Patients typically present in infancy with profound hyperphagia and rapid weight gain, secondary adrenal insufficiency manifesting as hypoglycaemia and seizures, and hypopigmentation with red hair. Apneas and central hypothyroidism may also occur as part of the POMC deficiency spectrum.
Autosomal recessive inheritance is supported by reports of 26 probands across more than 20 unrelated families with homozygous or compound heterozygous POMC variants (PMID:33666293). No significant segregation in heterozygous relatives has been observed, consistent with obligate biallelic deficiency.
The variant spectrum includes frameshift, nonsense, splice-donor, and 5′-UTR mutations. A recurrent homozygous c.206del (p.Pro69LeufsTer2) variant has been identified in consanguineous pedigrees (PMID:28739551). Compound heterozygosity for the 5′-UTR splice mutation c.-11C>A and the nonsense p.Trp84Ter has further delineated genotype–phenotype correlations (PMID:23431750)

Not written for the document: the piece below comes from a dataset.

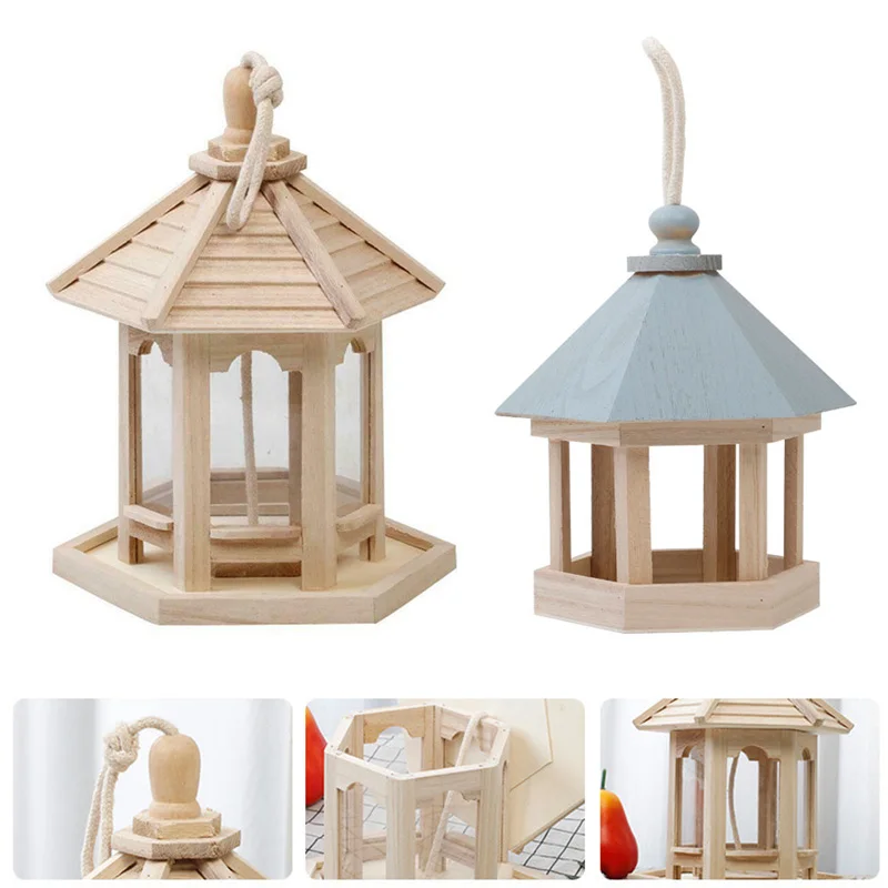 Клетка для птиц имеет шестиугольную форму, она полностью собрана и может быть подвешена, а Наклонная Крыша блокирует солнечный свет и дождь

Functional studies demonstrate that c.-11C>A reduces POMC mRNA levels and allows only ~17% residual translation, while frameshift and nonsense alleles abolish production of bioactive ACTH and α-MSH (PMID:27906547, PMID:12165561). These data confirm haploinsufficiency and loss‐of‐function as the mechanism of disease.
Heterozygous POMC variants alone do not cause monogenic obesity, though carriers may have modestly elevated body mass index, underscoring the necessity of biallelic hits for full POMC deficiency (PMID:37092539).
Taken together, the POMC–POMC deficiency association is classified as Definitive. Genetic diagnosis enables early adrenal replacement and anticipatory obesity management, and emerging melanocortin‐4 receptor agonists hold promise as targeted therapies. Key take-home: Biallelic POMC LoF variants cause a recognizable autosomal recessive syndrome where molecular diagnosis directly informs clinical care.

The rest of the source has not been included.